• [AVAILABLE DATA]:
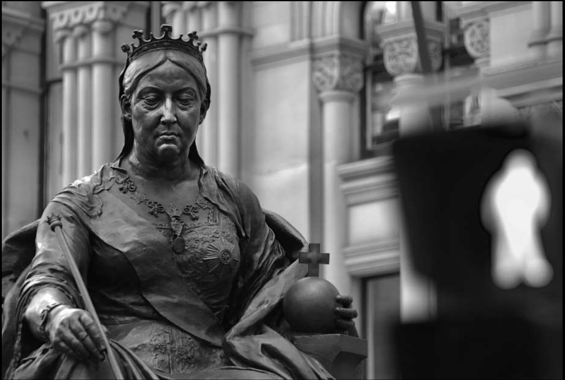
Pax Victoriana (formerly at Leinster House in Dublin), Sydney, New South Wales
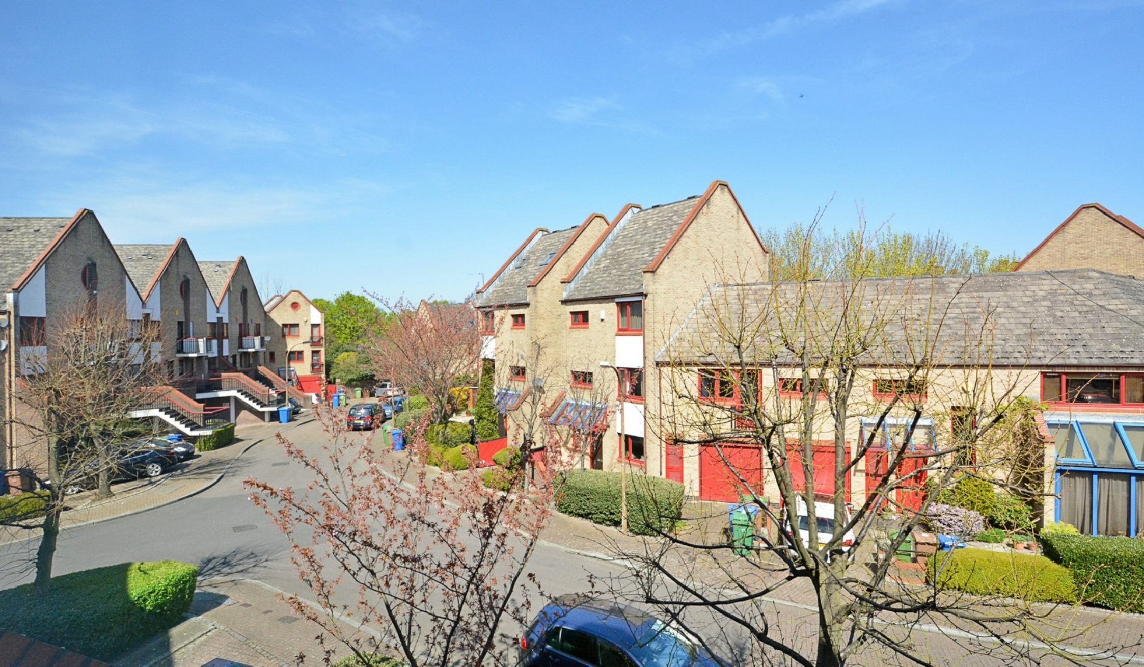
BYWATER PLACE SE16 4 bedroom terraced house
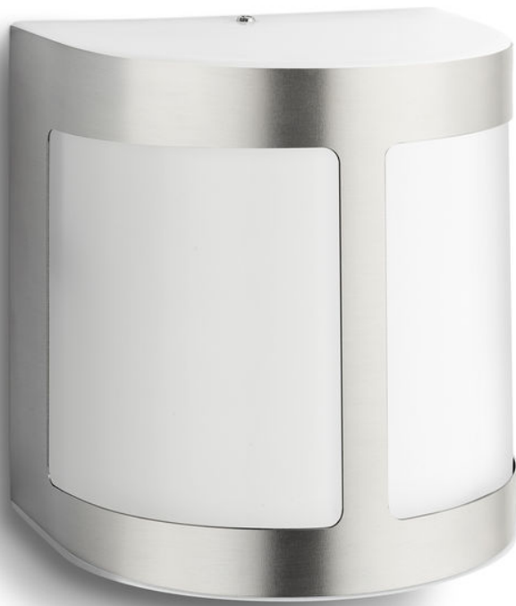
PHILIPS myGarden Wall light Parrot inox LED
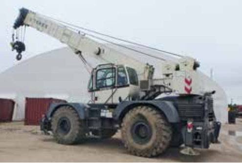
1 of 4 – 2013 Terex RT670-170 Ton
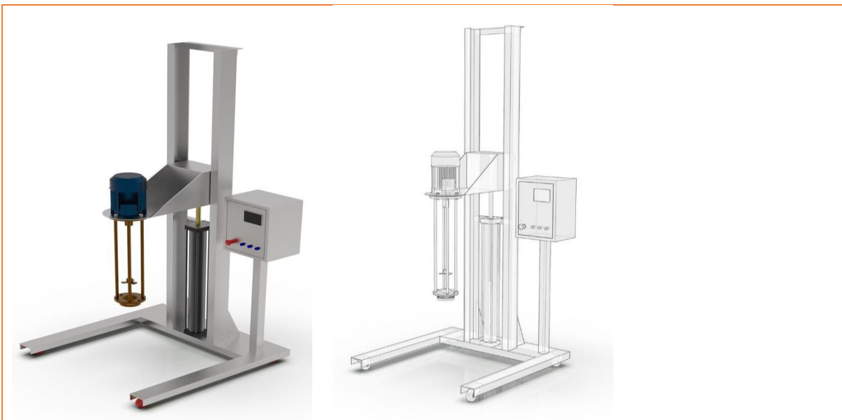
Vertical mixing stations Portable for easy application requirements Processable from direct tanks or bulk contains.

Contact us for customized solutions, engineering, design & manufacturing!
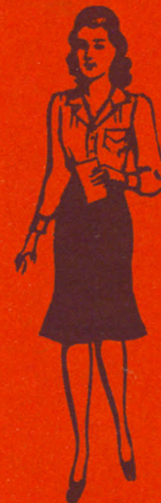
Uniformed Stewardesses To Give You Service On Every Flite
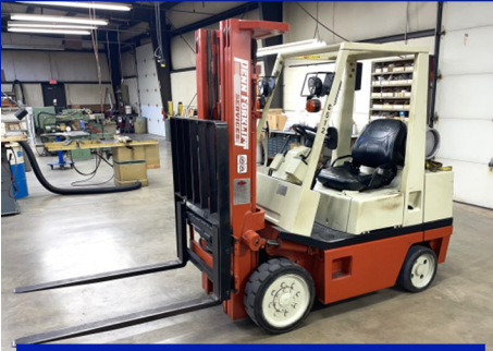
Nissan 4400Lb Fork Lift
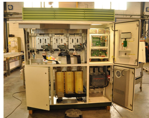
GP Tech's PV WD inverters and BCPS WD have achieved the cULus Certification Mark
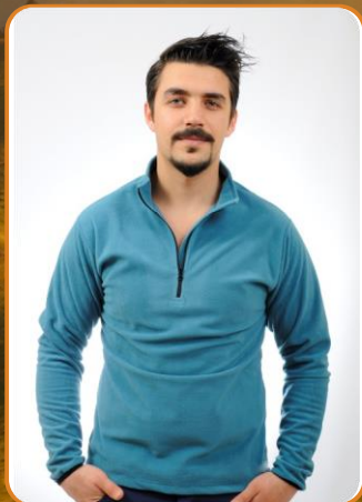
Cool 200 – Micro Fleece, Light, Warm, Soft, YKK Zipper
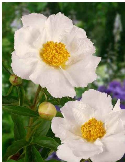
Krinkled White (1928)
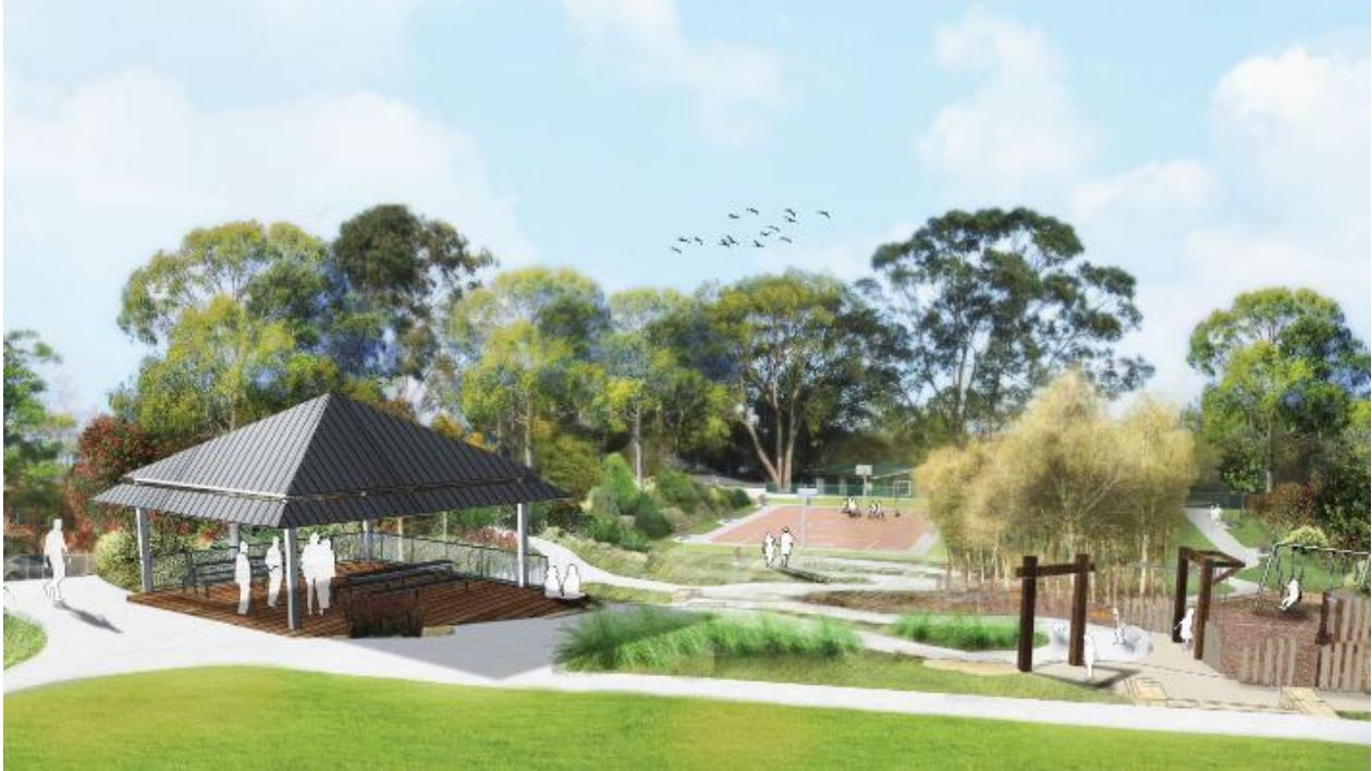
Concept design image for Kings Park

Construction is underway to complete a major upgrade to Kings Park in East Denistone, which once completed will provide the community with a brand new state-of-the-art open space in the City of Ryde.
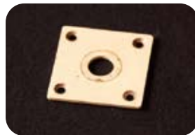
LG-JPC ¥5,775 Aged Jack Plate / Cream
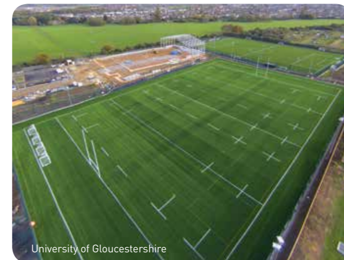
University of Gloucestershire
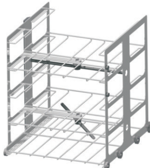
Baby bottles trolley
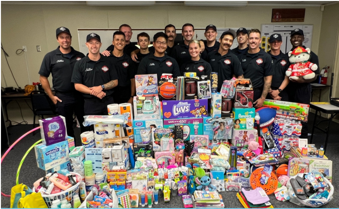
Such incredible generosity from STC's Fire Academy, who chose CPC for their project. Fire safety, body safety, public safety- when we come together for kids, the safety nets around them are strengthened!

We're so thankful to have such an incredible community of support surrounding us and our mission- the prevention, intervention, and treatment of child abuse. Thank you!!
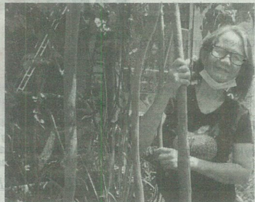
Ang kakaibang variety ng patola na tanim ng mga PWDs.

nilang patola kumpara sa regular na patola na nabibili sa merkado.
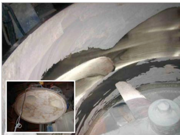
Massive dryblend deposits at vessel wall and lid due to insufficient dehumidification

Rise in processability and product quality – drop in costs
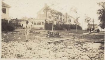
Seaborne's lawn, Fort Point. after a storm, 1940. T.H.R. in foreground.
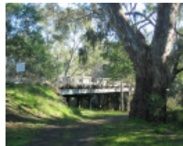
h00092 ol goulburn riv bridge seymour july 05 setting
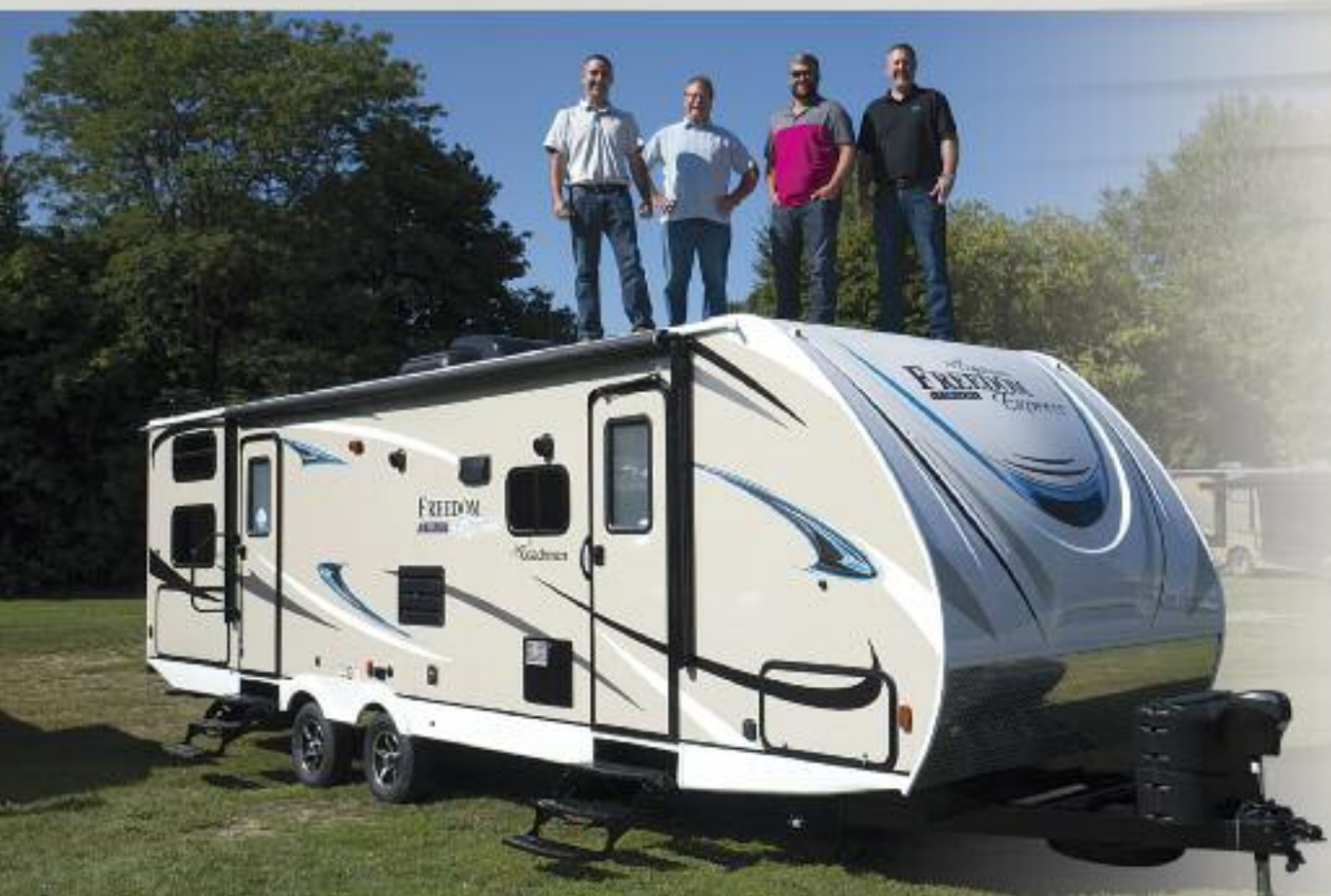
Freedom Express' Fully Walkable Roof makes trailer maintenance and inspections safe and easy.

Features and Options listed above may not be available on all models.

• [EXERCISE]: Only the lines of the listing above from the one with "PHILIPS myGarden Wall light Parrot inox LED" through the one with "Construction is underway" should be output, exactly, with both ends kept and pictures left out.

• [SOLUTION TO THIS PROBLEM]:
PHILIPS myGarden Wall light Parrot inox LED
1 of 4 – 2013 Terex RT670-170 Ton
Vertical mixing stations Portable for easy application requirements Processable from direct tanks or bulk contains.

Contact us for customized solutions, engineering, design & manufacturing!
Uniformed Stewardesses To Give You Service On Every Flite
Nissan 4400Lb Fork Lift
GP Tech's PV WD inverters and BCPS WD have achieved the cULus Certification Mark
Cool 200 – Micro Fleece, Light, Warm, Soft, YKK Zipper
Krinkled White (1928)
Concept design image for Kings Park

Construction is underway to complete a major upgrade to Kings Park in East Denistone, which once completed will provide the community with a brand new state-of-the-art open space in the City of Ryde.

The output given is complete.